Directing the antenna for the best performance is another issue. When the hobbyist points the antenna in either a forward or direct vertical position, the antenna is often pointed at the model. If the model flies straight, there is usually no problem, but if the aircraft is performing a manuever it could result in a pause, from a temporary loss of signal. Some hobbyists even point their antennas toward the ground. By doing so, they lose the strongest part of the signal and limit the distance from which they are able to control the plane.
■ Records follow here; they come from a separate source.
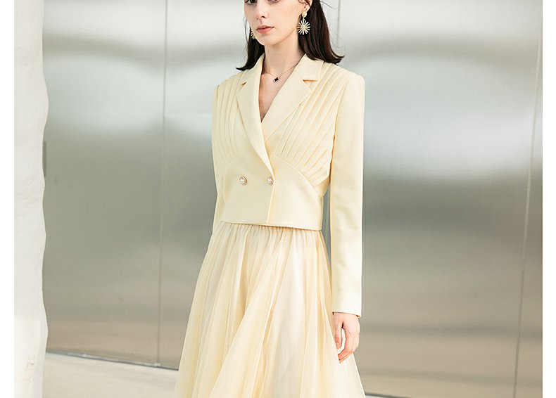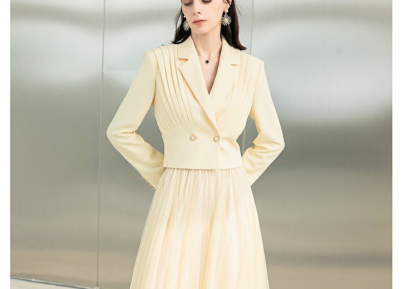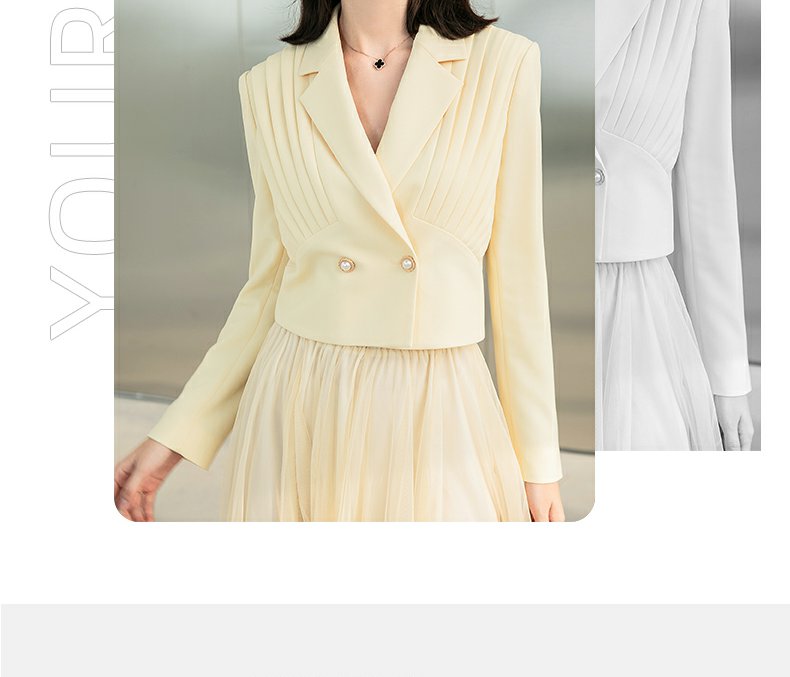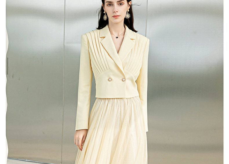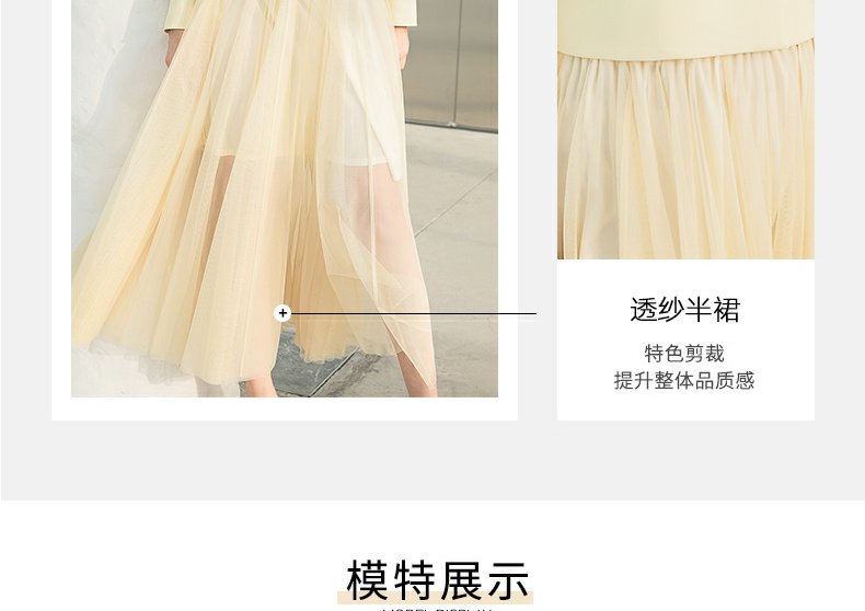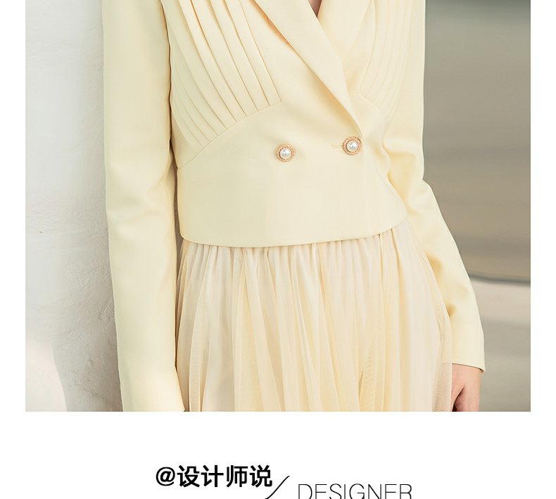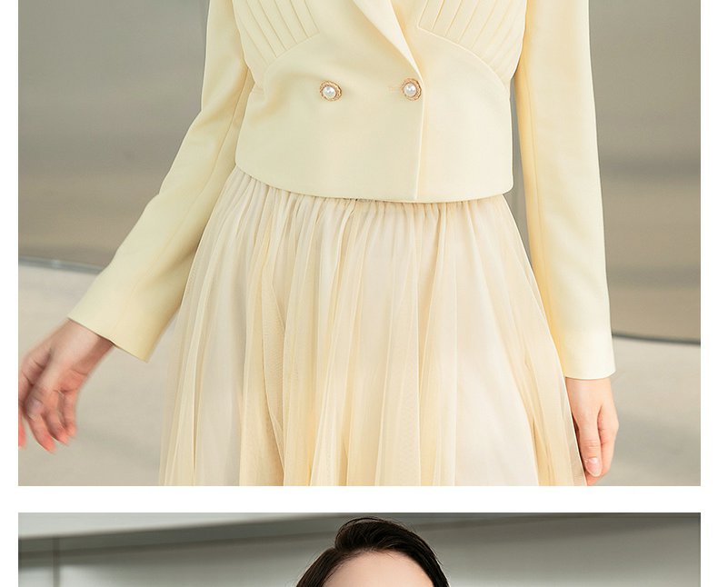 IWY/米色高级感职业套装女长袖套裙薄款西装新款纱裙通勤西服工装223162CS
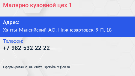 Малярно-кузовной цех №1 по адресу Ханты-Мансийский АО, Нижневартовск, 9 П, 18 в дальнейшем Организация, размещена в следующих категориях:
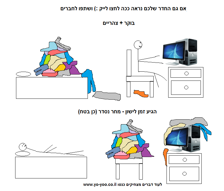 איך אני יושב קומיקס בעברית דבורה בכיתה צילום לתעודה אותה חולצה חדר מבולגן

An advantage of pointing the antenna to the side other than constant signal strength is pointing the antenna toward the plane results in more stress on the antenna from being continually flexed, which causes both more breakage and repair bills. There are also several troubleshooting procedures to make sure your rc plane is responding properly. The first and perhaps most obvious is to check the on and off switches, not just to make sure they are on or off, but to determine if they are in working order. Next, be sure the transmitter is set to the right frequency for the plane. Often this can be corrected by merely changing the crystals in the transmitter. Be sure both your transmitter and receiver batteries are at a full charge before flying. Ideally, they both should have an equal charge. Next, inspect the receiver antenna for proper installation with the transmitter antenna fully extended. Based upon prevailing rc radio frequencies, a transmitter antenna length of 28″ and a receiver antenna of about 40″ provide optimal performance for most rc models. Switching rc model and transmitter combinations is another way to isolate problems. These are but a few procedures to make sure the rc pilot has a trouble free flight.